Скатился Игорь с полной сумкой, подсел к Нелединскому.
— Я вас… тебя хорошо помню. Вы еще с Плющом заходили к нам на Жуковского играть на моем детском бильярде. Помнишь, такой, с никелированными шариками…
Темнело, Анжела все смелее поглядывала на Нелединского, часто смеялась, быстро-быстро постукивая кулачком по коленке. После каждого стакана она становилась все привлекательнее. Кофточка ее оказалась черной, благородного покроя и без всяких блесток. Игорь что-то доказывал, говорил о йогах, о самосовершенстве, о карме. Николай объяснял, что все это модные бредни, и если говорить о творчестве, а Игорь, как он понимает, поэт, то вся эта ахинея и творчество несовместны.

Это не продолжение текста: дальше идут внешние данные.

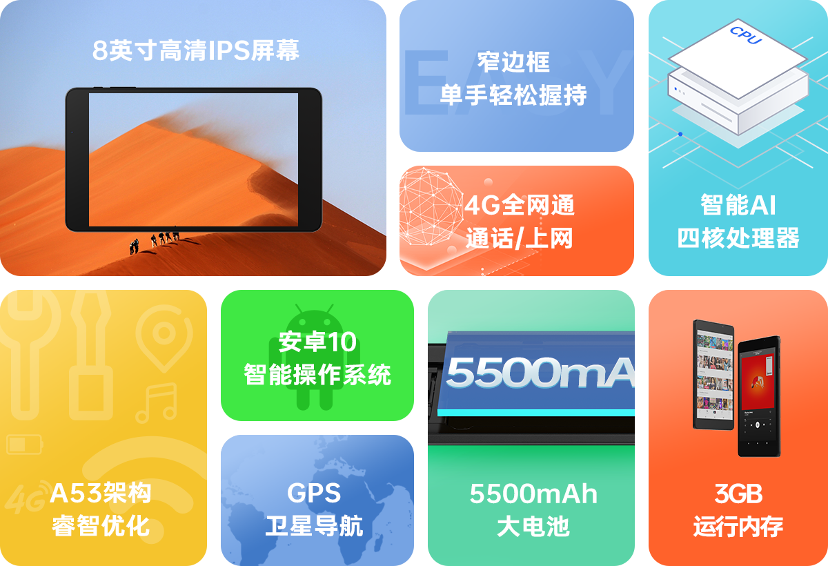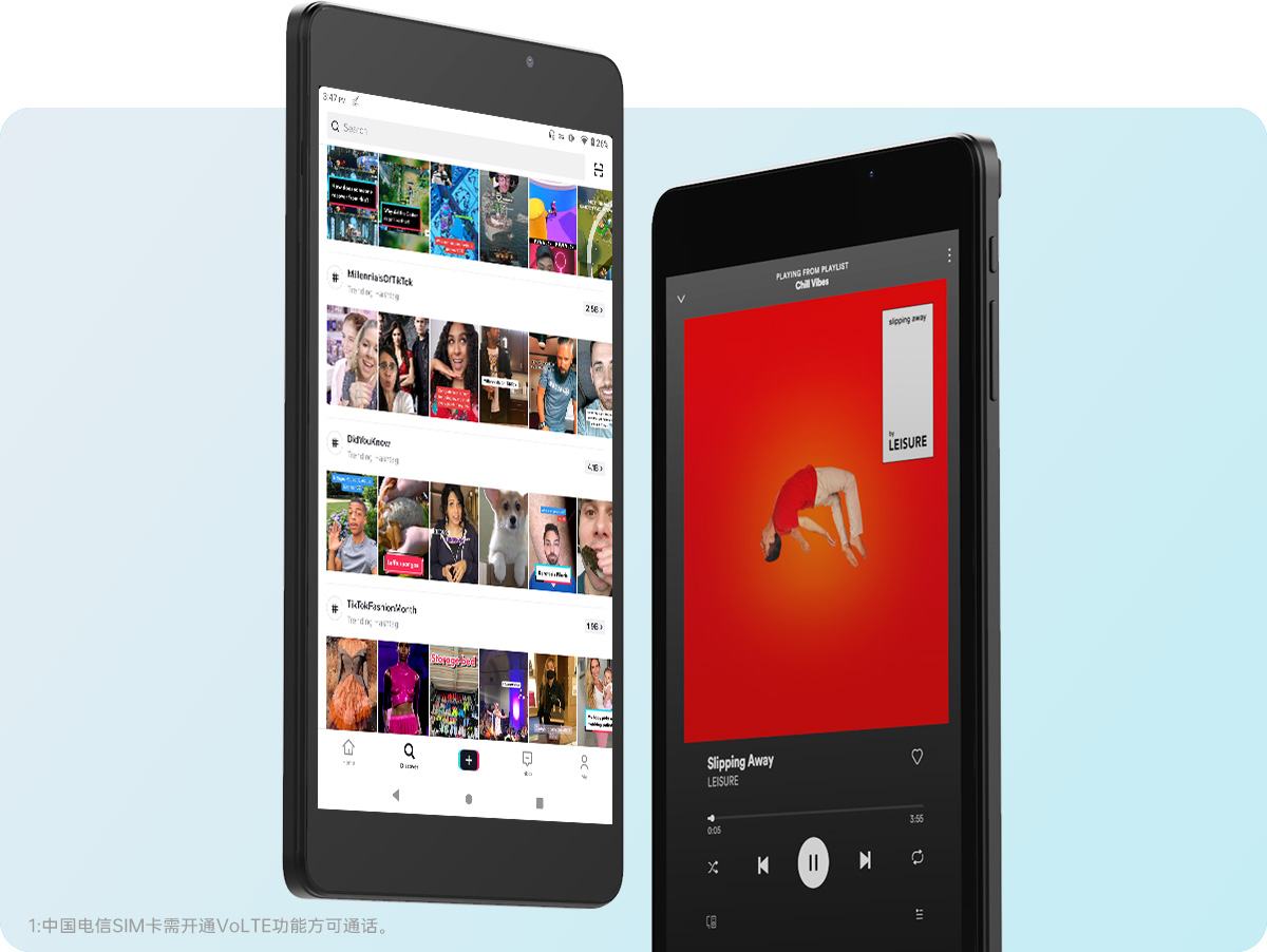 iPlay 8T支持TDD+FDD双4G网络接入,覆盖中国移动、中国电信、中国联通三大运营商网络,随时随地轻松通话/上网。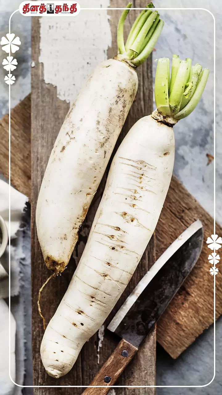 முள்ளங்கியில் நார்ச்சத்து அதிகம் உள்ளதால், செரிமான அமைப்பை சீராக வைத்திருக்க உதவுகிறது..முள்ளங்கி கல்லீரல் ஆரோக்கியத்தை பாதுகாக்கக்கூடிய ஊட்டச்சத்துக்கள் மற்றும் ஆன்டிஆக்ஸிடன்ட்கள் நிறைந்தது..முள்ளங்கியில் வைட்டமின் சி நிறைந்துள்ளது. இது உடலில் நோய் எதிர்ப்பு சக்தியை அதிகரிக்க செய்கிறது..முள்ளங்கியில் கலோரிகள் குறைவாகவும், நார்ச்சத்து அதிகமாகவும் உள்ளது. இது உடல் எடை குறைப்புக்கு வழிவகுக்கும்..இதில் உள்ள பொட்டாசியம் ரத்த அழுத்தத்தைக் குறைக்கவும், ரத்த ஓட்டத்தை கட்டுப்பாட்டில் வைக்கவும் உதவுகிறது..முள்ளங்கியில் நிறைந்துள்ள அதிக நீர்ச்சத்து, சருமத்தை நீரேற்றமாக வைப்பதன் மூலம், சரும ஆரோக்கியத்தை பாதுகாக்கிறது..இதில் ஆன்டி-ஆக்ஸிடன்ட்கள் நிறைந்துள்ளதால் வீக்கம் மற்றும் மன அழுத்தத்தை எதிர்த்துப் போராடுகின்றன..முள்ளங்கி சிறுநீரக கற்கள் உருவாவதை தடுப்பது மட்டுமின்றி, அதனை கரைக்கவும் உதவக்கூடும்..Explore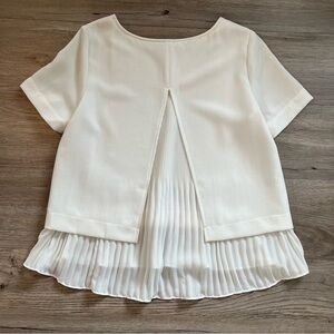 Chic ivory blouse with pleated hem. Short sleeves and round neckline. Perfect for versatile styling.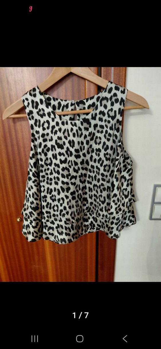 Leopar desenli, kolsuz, volan detaylı mini bluz. Sentetik kumaştan, rahat ve günlük kullanıma uygun. temiz, sorunsuz.bel kısmı bol kesim.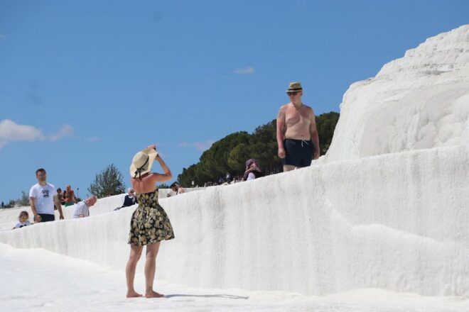 Ziyaretçilerden Yiğit Göğüs ise “Burası dünyaca ünlü bir yer. Gelmeyenler Pamukkale’yi kesinlikle ziyaret etmeli. Çıplak ayakla travertenlerin üzerinde yürümek çok güzel bir his. Bir zorluğu yok. Bu sayede travertenlerin korunması ve beyaz kalması da sağlanıyor” diye konuştu.

Игорь не соглашался, и Нелединский предложил поговорить об этом через десять лет ровно в шесть часов вечера тысяча девятьсот восемьдесят четвертого года. На том и порешили. Игорь исчез. Кто-то темный и высокий подошел от берега, залаяла Шурик.
— Добрый вечер всем, — сказал благообразный старик с загорелой бритой головой.
— Привет, Семеныч, — ответил Коля.
Семеныч взял налитый стакан, пригляделся к Нелединскому и представился:
— Владислав Семенович Кучинский, профессор лингвистики. Новороссийский университет имени Мечникова. В смысле Новороссия — это край, куда входили губернии…
— Ладно, Семеныч, — устал Коля, — Кела сам бывший одессит.
— Нелединский, — представился Кока, — художник.
— Бывших одесситов не бывает, — строго назидал профессор Семеныч, — где бы они ни жили.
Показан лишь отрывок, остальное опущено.